2005年6月10日(金)「しんぶん赤旗」

点検郵政民営化法案

資金の流れ 安全・安心を切り捨て

【特集】郵政民営化


 今国会で審議されている郵政民営化法案。小泉首相は「改革の本丸」といいます。法案の問題点を点検します。 (金子豊弘)

 郵政事業の民営化のために国会に提出されている法案は六つ(別項)あります。

 郵政民営化法案の最大の問題は、全国一律のサービスが義務づけられ国民に安全・安心な金融サービスを提供している郵便貯金・簡易保険を廃止することです。そして、利潤追求が目的の民間銀行・保険会社に変質させることです。

 現行の郵便貯金法の第一条には、貯金事業の目的を「簡易で確実な貯蓄の手段としてあまねく公平に利用させる」「国民の経済生活の安定を図り、その福祉を増進する」と定めています。

〇主眼は収益力〇

 民間銀行に民営化されればこの規定が廃止されます。そして、収益力の向上が経営の主眼になります。竹中平蔵郵政民営化担当相も「金融機関の健全な経営、安定的な運営」が第一義的な目的となり、地域でのサービス、国民の利便性の向上は「究極的」だとして、後回しになるとの考えを示しています。

 民間銀行はこの間、この「安定的な運営」に向け効率をあげようと、過疎地どころか都市部でも多くの支店を閉鎖してきました。郵政公社の民営化後の姿を物語っています。

 郵政民営化を小泉首相は、「資金を官から民に流す道を開く」と位置づけています。「資金が官から民に流れる」とはどういうことなのでしょうか。

 現在、郵貯・簡保は国民から三百四十兆円の金融資産を預かっています。既契約の資産は、独立行政法人として発足させる郵便貯金・簡易生命保険管理機構に分離して、「安全運用」をおこなうことになっています。

 一方、政府保証がなくなる新契約分は、「資金のより自由な運用」ができるようになります。つまり、「安全運用が宿命」の政府保証つき資金から「リスク(危険)をとれるお金に変わっていく」(竹中郵政民営化担当相)のです。

 リスクの高い金融商品が扱えることで喜ぶのは、民営化会社です。高い仲介手数料で収益をあげることができます。

〇リスク国民に〇

 たとえば、株式仲介で年間三百四十億円の手数料収益をあげると政府は試算しています。社会問題にもなった変額保険は百三十億円の収入。投資信託も六百三十億円を見込んでいます。運用先には日米の金融機関との提携も予想されます。

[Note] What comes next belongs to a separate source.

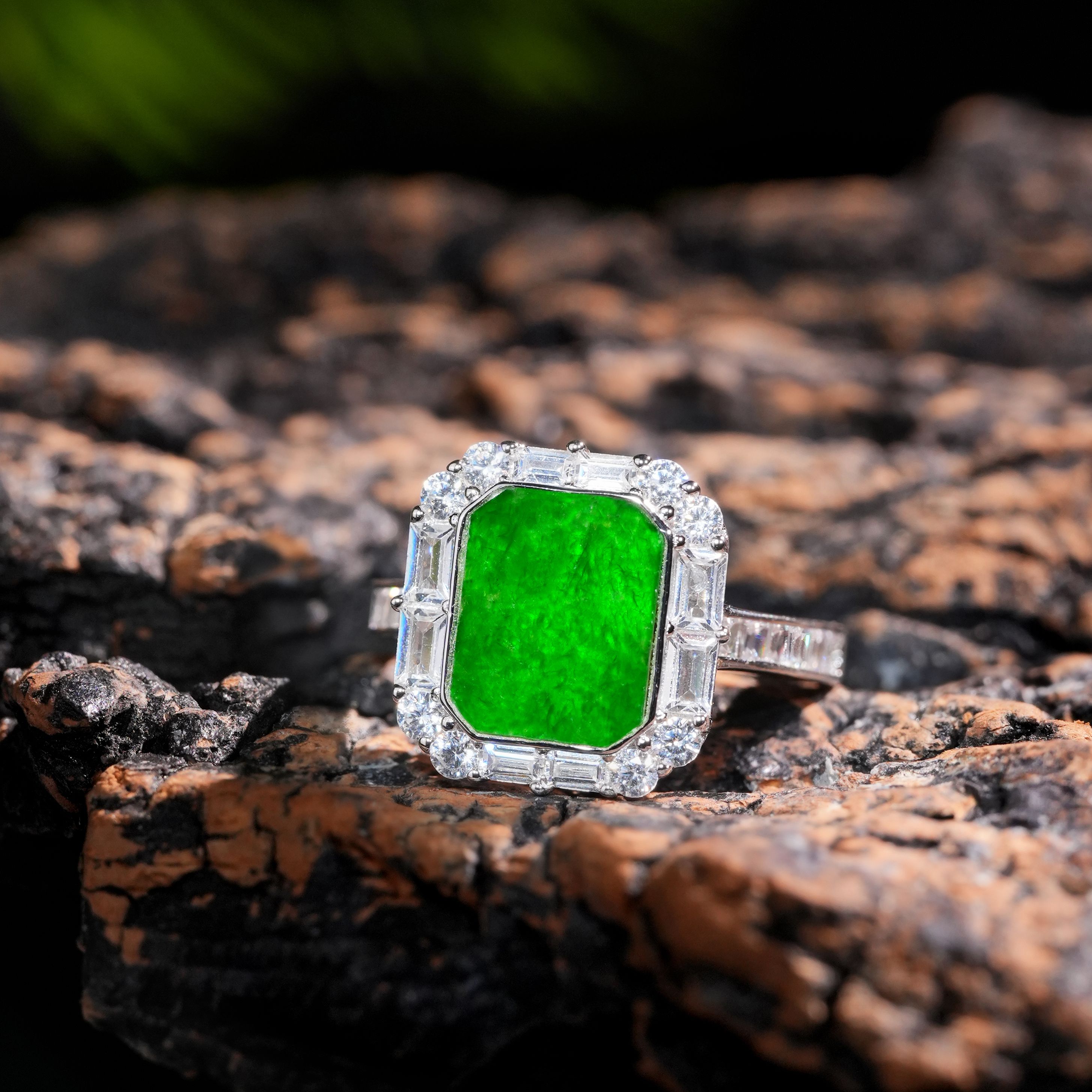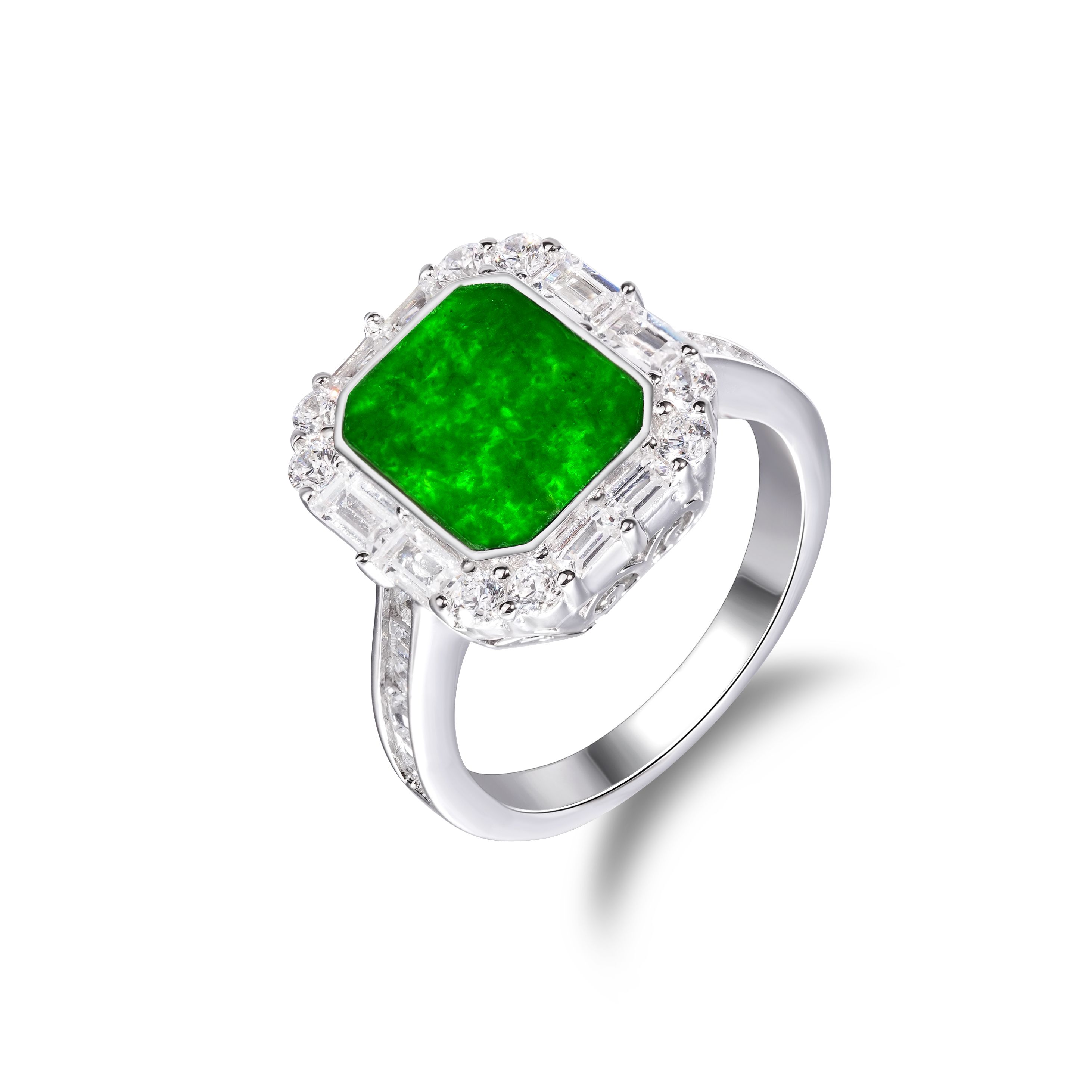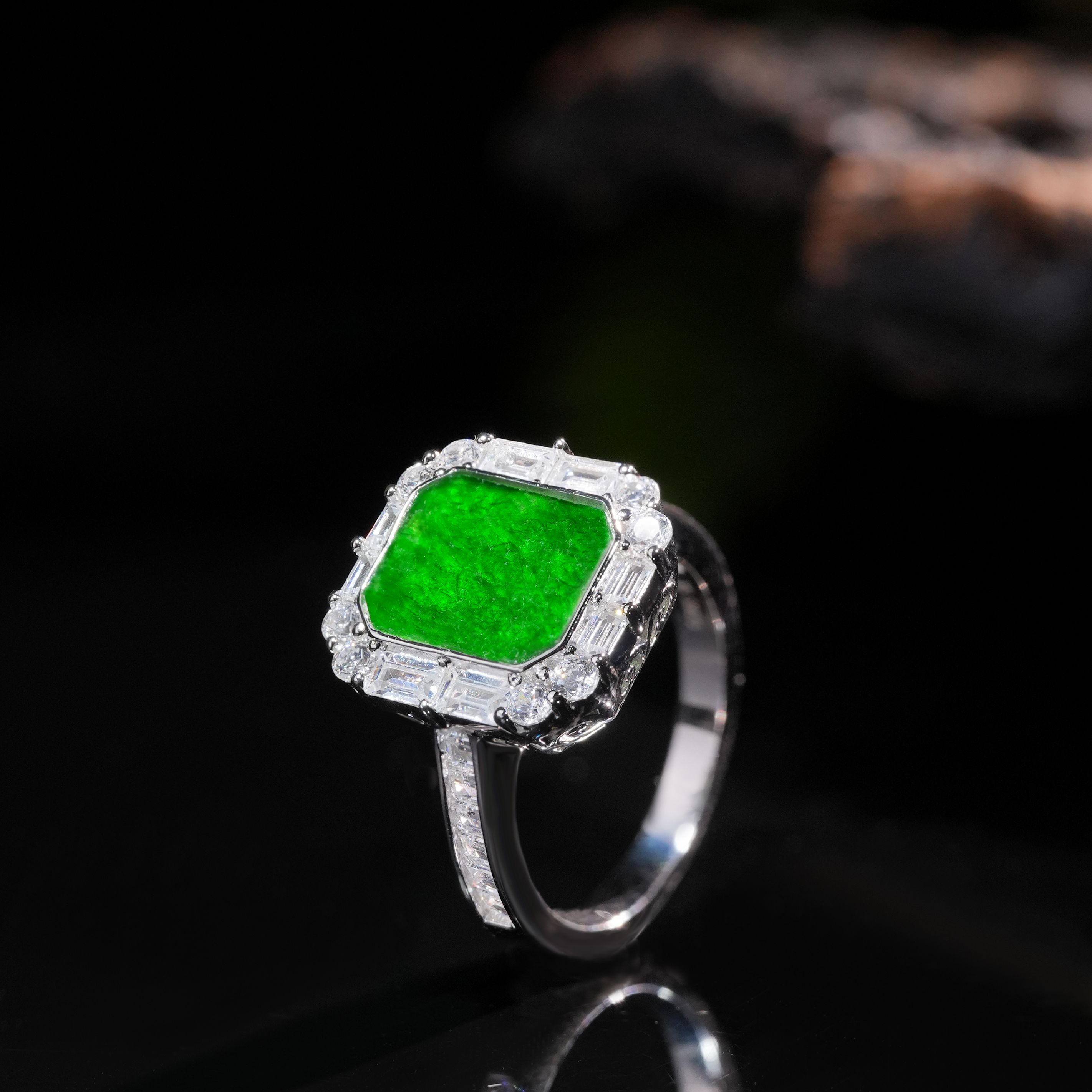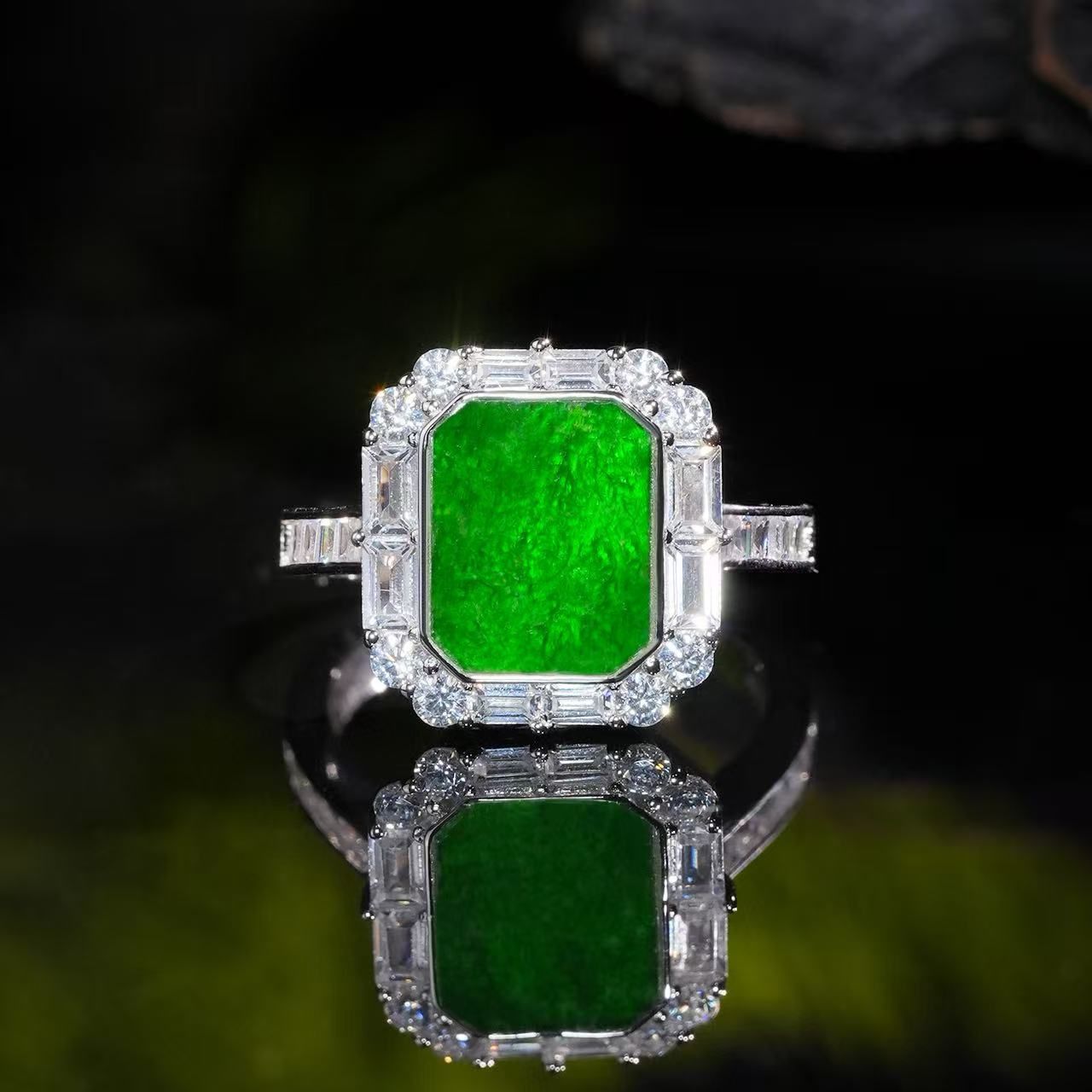 VISING珠宝天然A货翡翠无事牌戒指缅甸翡翠冰种阳绿色

 一方、利用者は元本保証のない商品を売りつけられます。リスクは自己責任で、利用者に押し付けられます。

 「自由な運営」が広がれば利便性が高まり、郵貯銀行・郵保会社の規模は拡大してもいいはずです。ところが、政府はまったく逆の事態がおこるのだといいます。竹中郵政民営化担当相も「しかるべき規模に収斂(しゅうれん)する」と、規模縮小を予測しています。

 どうしてこんなことになるのでしょうか。貯蓄する国民はたとえ高い収益が見込めてもリスクの高い商品を望んでいないからです。

 金融広報中央委員会(日銀に事務局)のアンケート調査では、「安全性」(元本が保証され、金融機関が信用できる)を求める利用者が50%を超えています。これに対し、「収益性」(値上がり、利回りがいい)を求める人の割合は14%に過ぎません。

 郵政公社が民営化されれば、政府保証という金融機関にとって「競争上決定的に重要」な「信用」(竹中担当相)がなくなってしまうからです。「安全・安心」の切り捨てを国民は望んでいません。

 いったい、郵政公社の金融機能の縮小・廃止を求めているのはだれなのでしょう。郵貯・簡保は「商売の邪魔だ」、「もうけ口をよこせ」、そして「政府保証をなくせ」と繰り返し、縮小・廃止を求めているのが日米の大金融機関です。小泉首相の郵政民営化は、この声に応えているのです。

郵政民営化六法案

 (1)郵政民営化の基本的な理念や方針を定めた「郵政民営化法案」(2)郵便事業と郵便局業務を支援するための「日本郵政株式会社法案」(3)郵便業務及び印紙の売りさばきを定めた「郵便事業株式会社法案」(4)郵便窓口業務を定めた「郵便局株式会社法案」(5)公社から継承した資産を管理する「独立行政法人郵便貯金・簡易生命保険管理機構法案」(6)関連法律の廃止や修正・整備のための「郵政民営化法等の施行に伴う関係法律の整備等に関する法律案」。